Please correct me if I am wrong.

Below is my code which I have used.

! pip install transformers==3.5.1

from transformers import BertTokenizerFast

tokenizer = BertTokenizerFast.from_pretrained('bert-base-uncased')

tokens = tokenizer.batch_encode_plus(text,max_length=5,padding='max_length', truncation=True)
  
text_seq = torch.tensor(tokens['input_ids'])
text_mask = torch.tensor(tokens['attention_mask'])

score 26 · Accepted Answer · answered Dec 11 '20 at 16:58

26

What you have assumed is almost correct, however, there are few differences.

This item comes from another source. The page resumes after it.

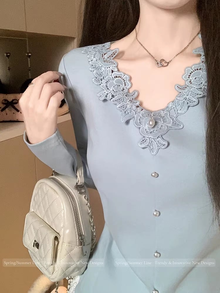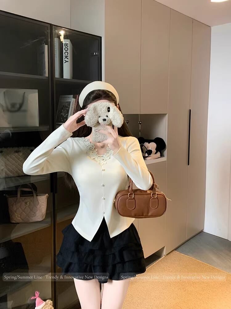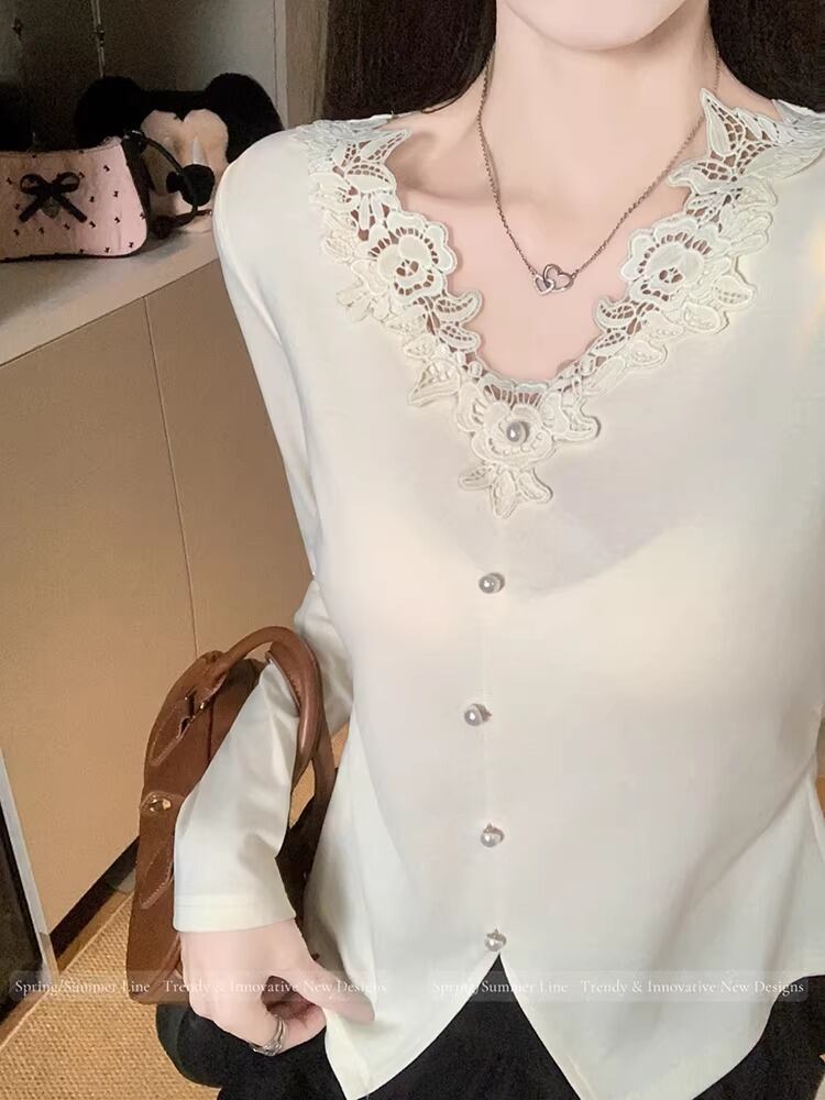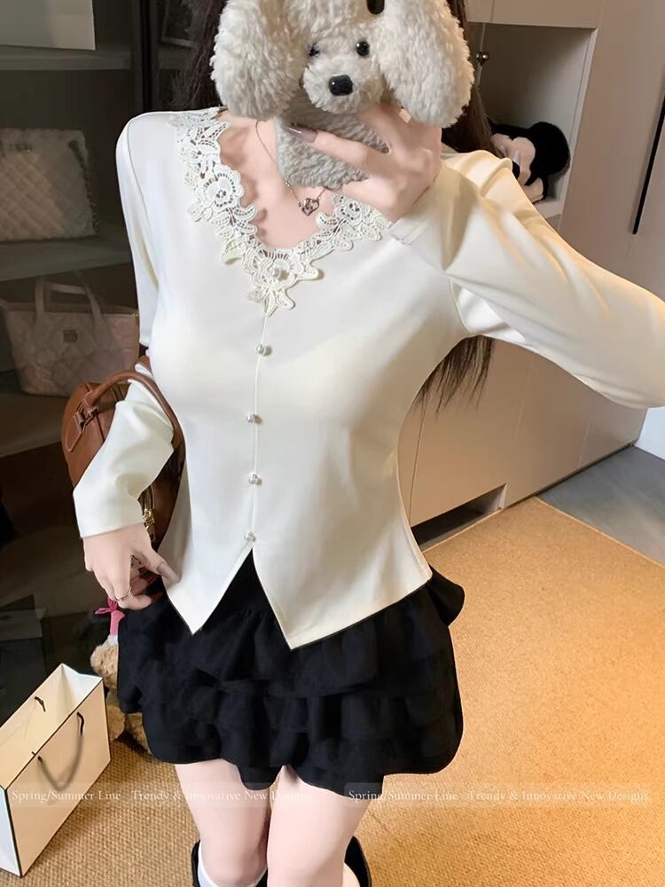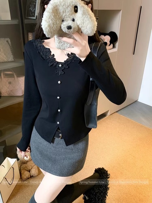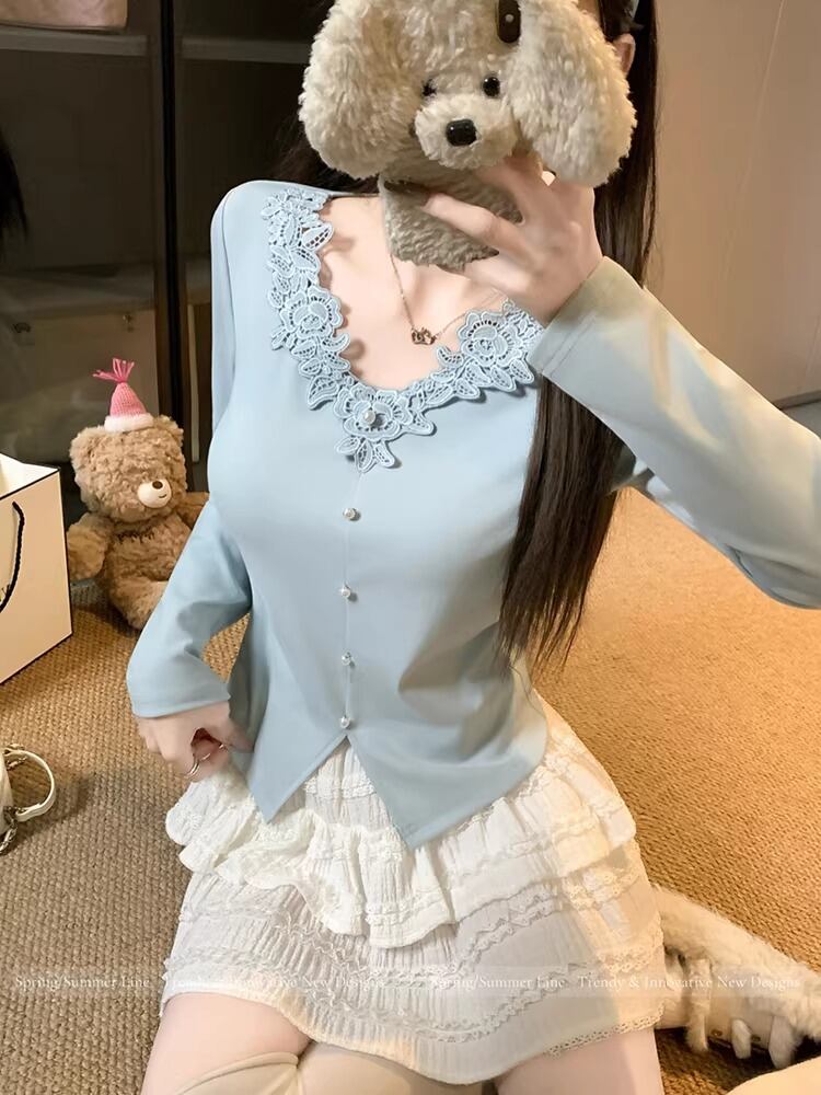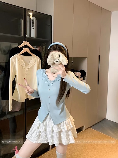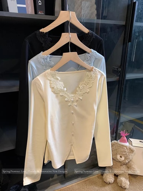 レースカラーアシメボタンドッキングトップス ・71106

max_length=5, the max_length specifies the length of the tokenized text. By default, BERT performs word-piece tokenization. For example the word "playing" can be split into "play" and "##ing" (This may not be very precise, but just to help you understand about word-piece tokenization), followed by adding [CLS] token at the beginning of the sentence, and [SEP] token at the end of sentence. Thus, it first tokenizes the sentence, truncates it to max_length-2 (if truncation=True), then prepend [CLS] at the beginning and [SEP] token at the end.(So a total length of max_length)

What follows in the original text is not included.